Out-Law News 1 min. read
26 Jul 2006, 2:47 pm
Parallel cases dealing with the same issue are ongoing in the US and last Friday a San Francisco judge gave a separate, similar case the go ahead. But US District Judge Matthew Kennelly ruled in a Michigan court that this case would be dismissed.
"The court is persuaded that requiring AT&T to confirm or deny whether it has disclosed large quantities of telephone records to the federal government could give adversaries of this country valuable insight into the government's intelligence activities," said Kennelly.
AT&T is accused of passing on the phone records illegally to the National Security Agency (NSA). Kennelly said that he had received a written statement in the case from NSA director Lt General Keith Alexander and from National Intelligence Director John Negroponte.
The case was brought by the American Civil Liberties Union (ACLU) on behalf of several activists and author Studs Terkel who said that their constitutional rights had been infringed by the passing on of phone data.
The judge in the San Francisco case, which was brought by the Electronic Frontier Foundation, ruled that the case would not endanger national security because allegations of information being passed were so widely reported in the press. Kennelly said that news reports were speculation and had not been confirmed by security agencies or by AT&T.
"A private company – AT&T – should not be able to escape accountability for violating a federal statute and the privacy of their customers on the basis that a program widely discussed in public is secret," said ACLU of Illinois legal director Harvey Grossman. "Members of Congress publicly discussed the program of gathering data from telephone companies without lawful authorization in violation of existing federal law. "
"We believe that innocent Americans – including our clients in this case – should have a venue through the courts for vindicating their rights against the abuses and overreach of the executive branch.
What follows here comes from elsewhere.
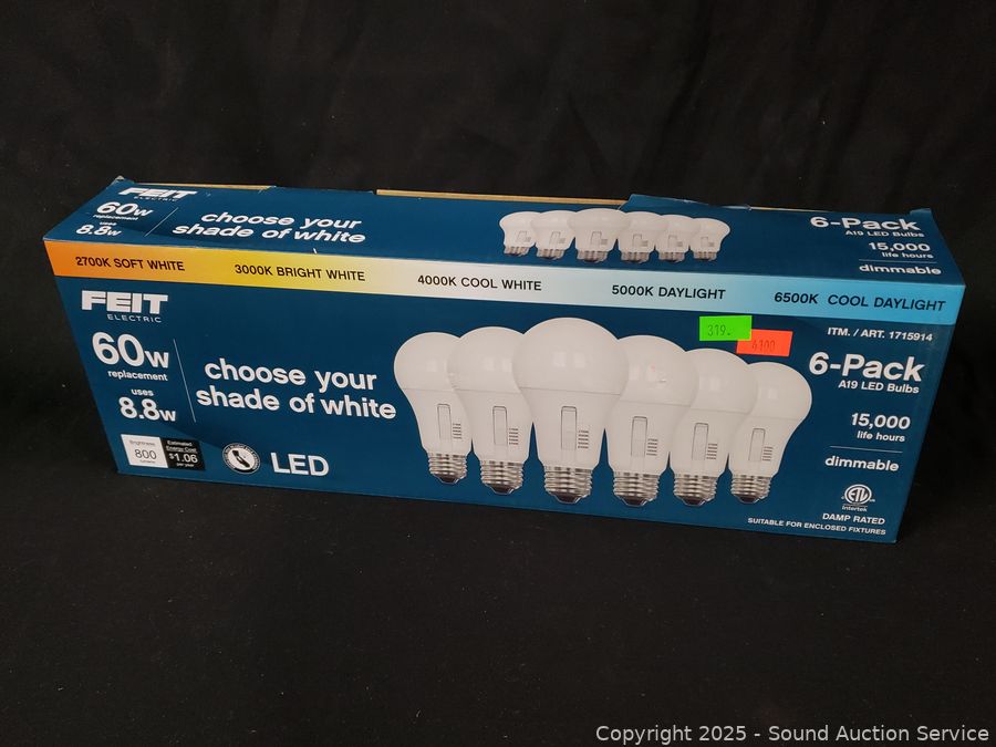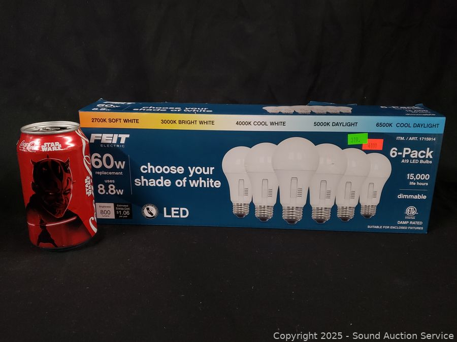 Lot #0319: 6pk Feit LED Dimmable Light Bulbs
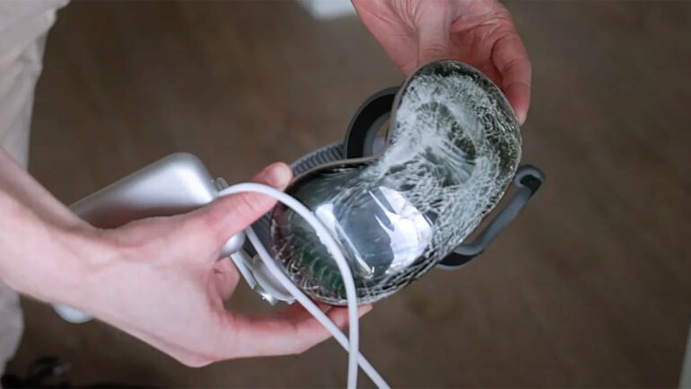 In scenari di normale usura, come urtare un muro o un mobile mentre si cammina in casa con il visore indossato, il vetro anteriore del Vision Pro si graffia ma non subisce danni gravi. In realtà, le casse smettono di funzionare prima che il vetro si rompa. Tuttavia, sì, lasciarlo cadere dalla testa manderà probabilmente in frantumi il vetro anteriore. Tuttavia, incredibilmente il dispositivo rimane per lo più funzionale.

Kennelly said that some of the information provided by Alexander and Negroponte was classified. He claimed that his decision was not based on the classified information and that he would issue a memorandum relating to the classified information which would also be classified and "unavailable for inspection by the public".
US senator Arlen Specter has proposed a plan to hear any challenges to the NSA's activities in a secret court under the Foreign Intelligence Surveillance Act.